* [Your task] Below is a listing; retype exactly the line with "A black woman" and every line after it through the end, and only those, leaving out the pictures.

* [Available data]
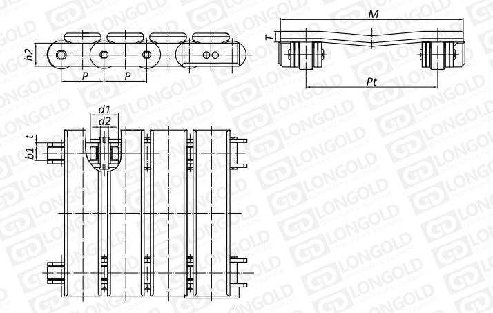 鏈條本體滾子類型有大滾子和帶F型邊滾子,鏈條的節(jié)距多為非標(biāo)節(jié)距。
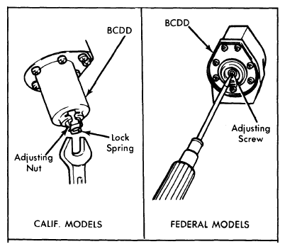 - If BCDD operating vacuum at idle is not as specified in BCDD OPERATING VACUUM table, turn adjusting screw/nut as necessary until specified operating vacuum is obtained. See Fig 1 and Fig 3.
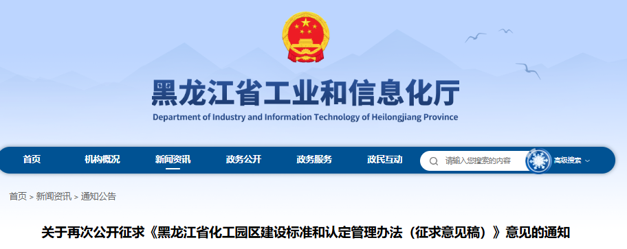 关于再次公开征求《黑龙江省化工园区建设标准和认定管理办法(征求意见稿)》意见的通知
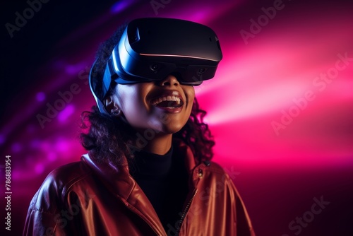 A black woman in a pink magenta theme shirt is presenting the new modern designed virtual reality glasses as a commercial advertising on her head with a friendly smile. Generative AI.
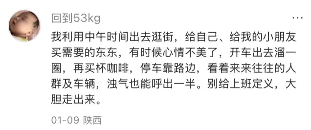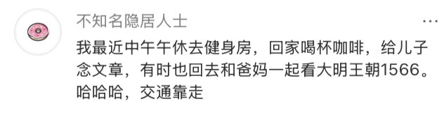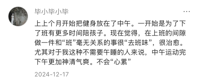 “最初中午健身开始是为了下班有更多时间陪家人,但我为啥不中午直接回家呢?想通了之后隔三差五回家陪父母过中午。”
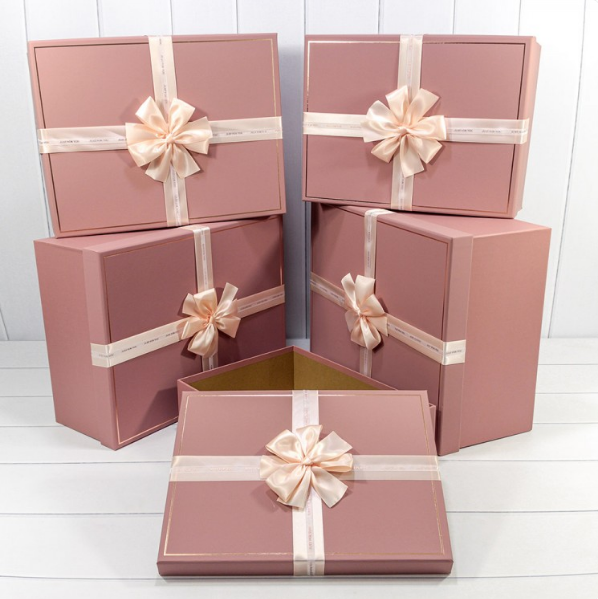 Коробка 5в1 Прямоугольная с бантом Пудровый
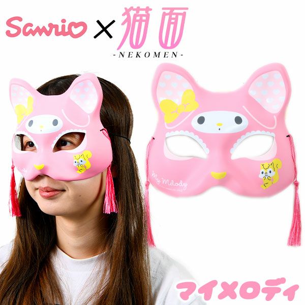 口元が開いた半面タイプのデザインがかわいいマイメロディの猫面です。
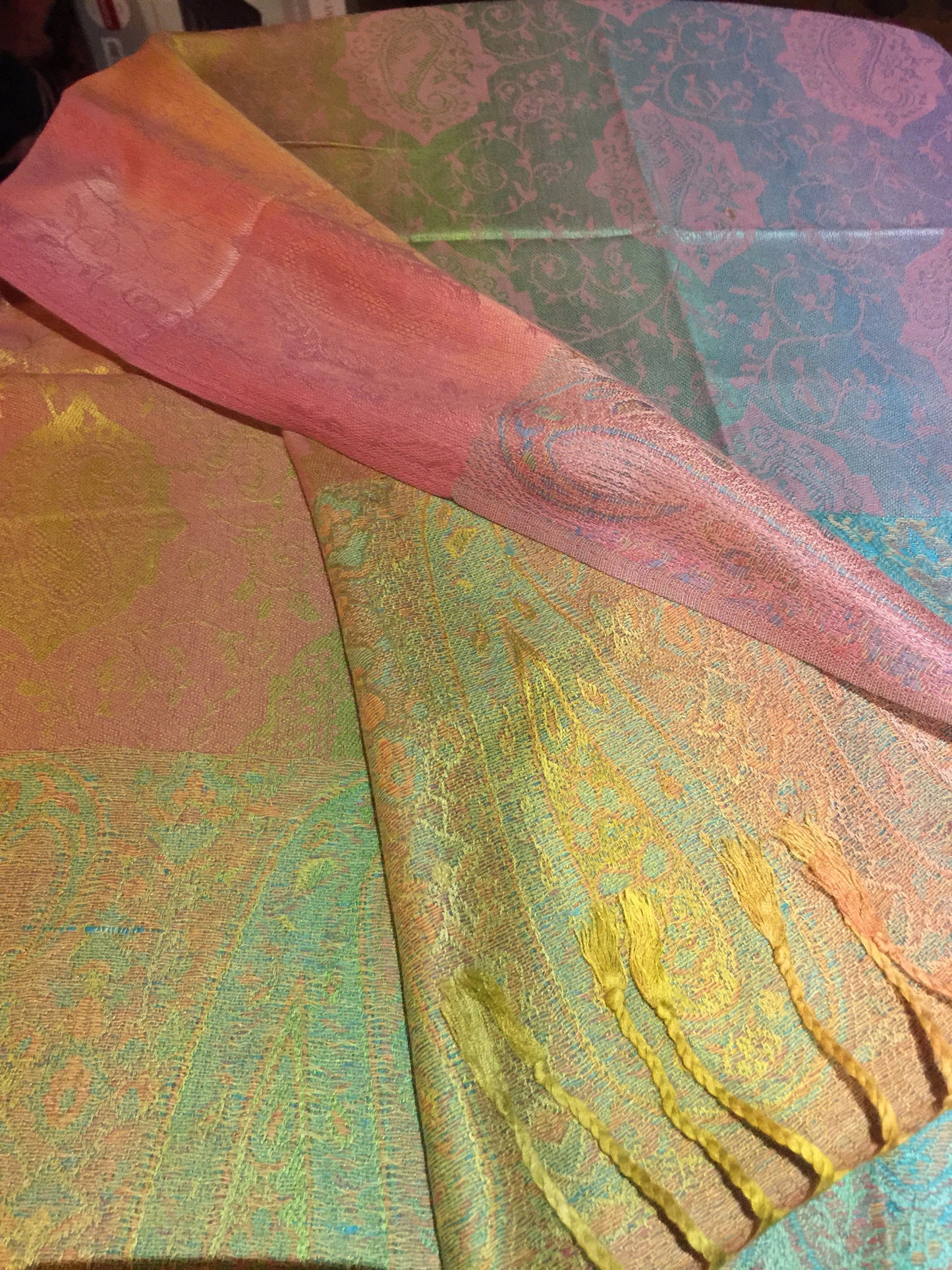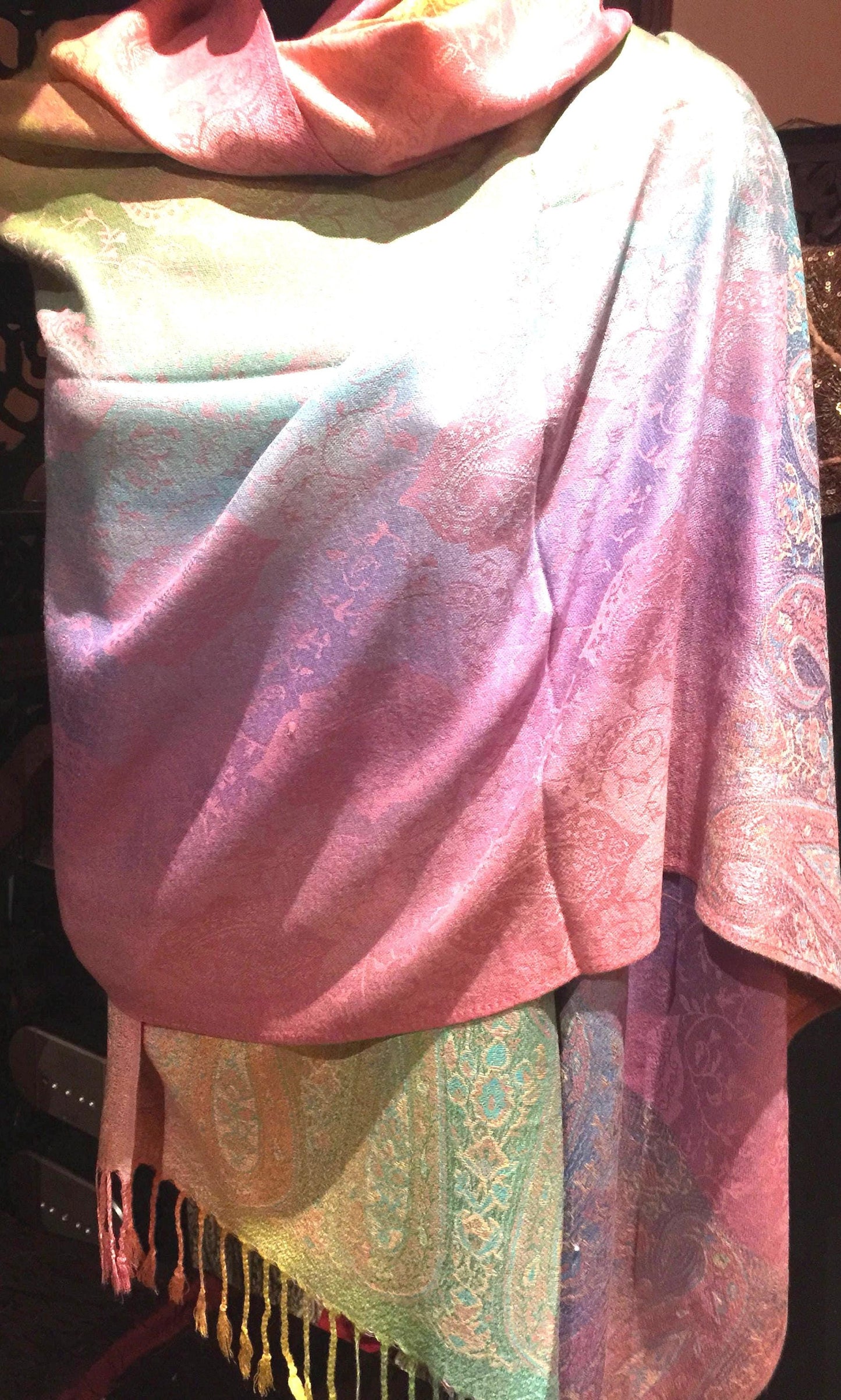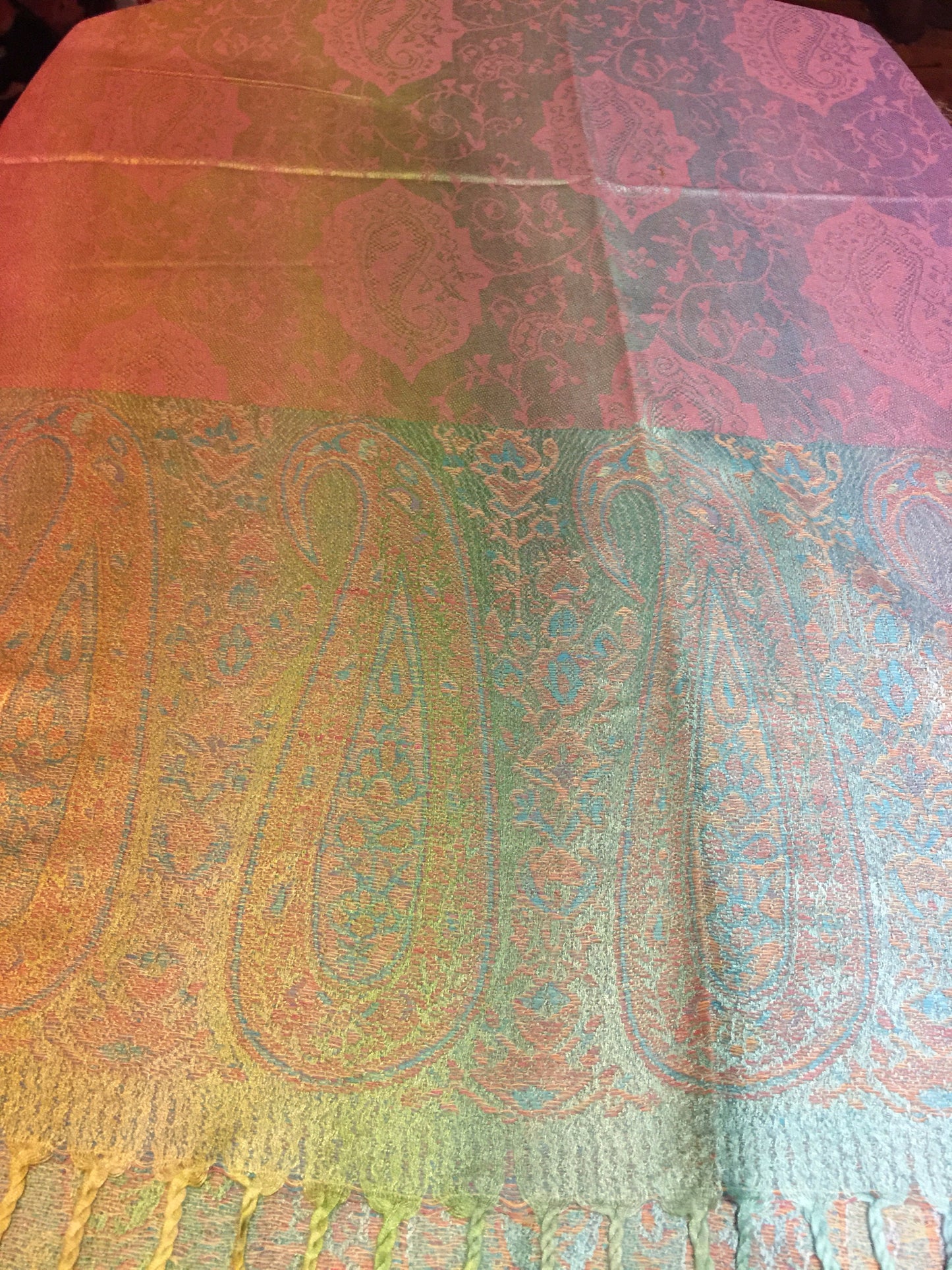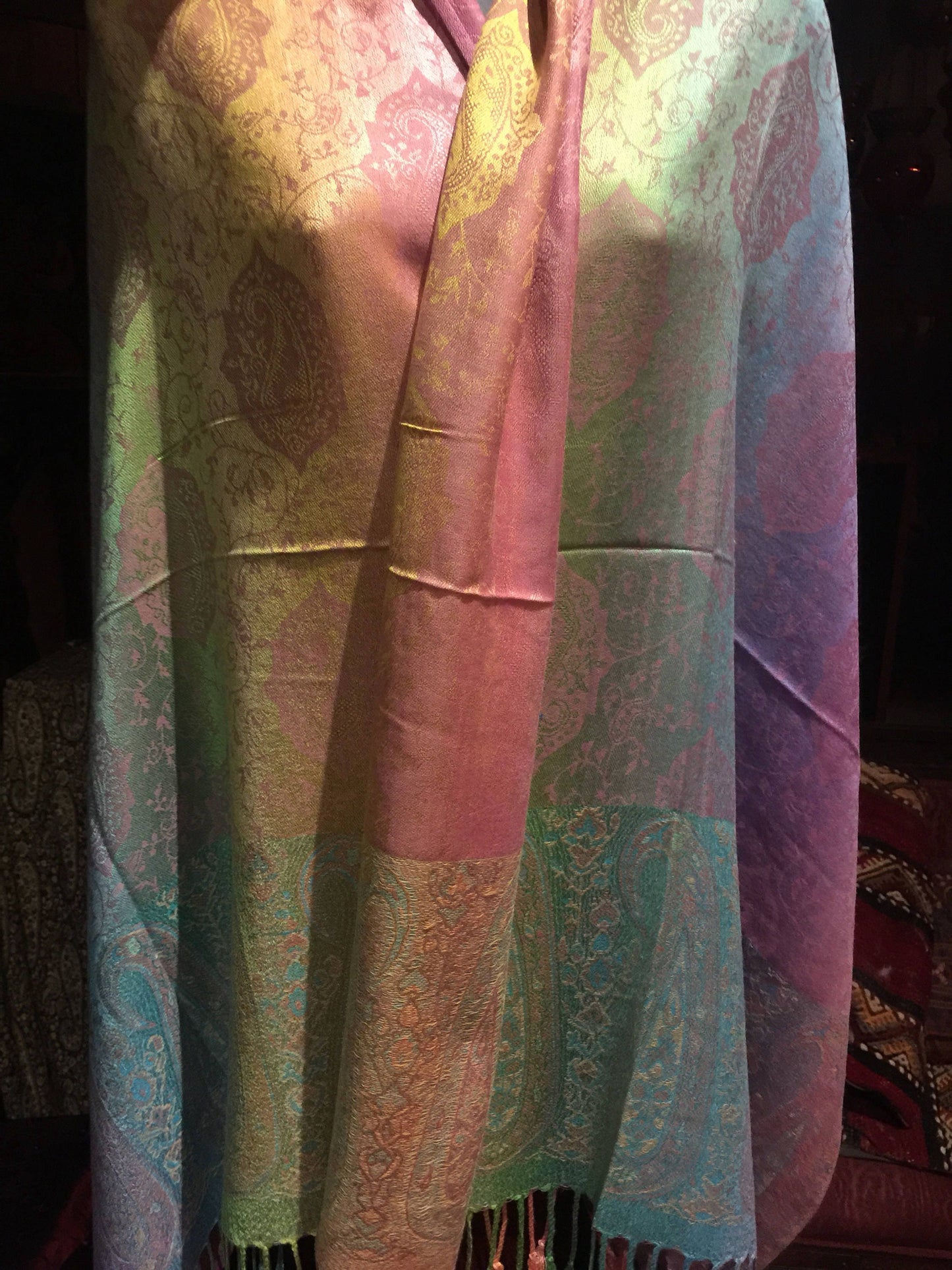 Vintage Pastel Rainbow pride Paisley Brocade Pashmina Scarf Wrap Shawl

* [Response for this exercise]
 A black woman in a pink magenta theme shirt is presenting the new modern designed virtual reality glasses as a commercial advertising on her head with a friendly smile. Generative AI.
 “最初中午健身开始是为了下班有更多时间陪家人,但我为啥不中午直接回家呢?想通了之后隔三差五回家陪父母过中午。”
 Коробка 5в1 Прямоугольная с бантом Пудровый
 口元が開いた半面タイプのデザインがかわいいマイメロディの猫面です。
 Vintage Pastel Rainbow pride Paisley Brocade Pashmina Scarf Wrap Shawl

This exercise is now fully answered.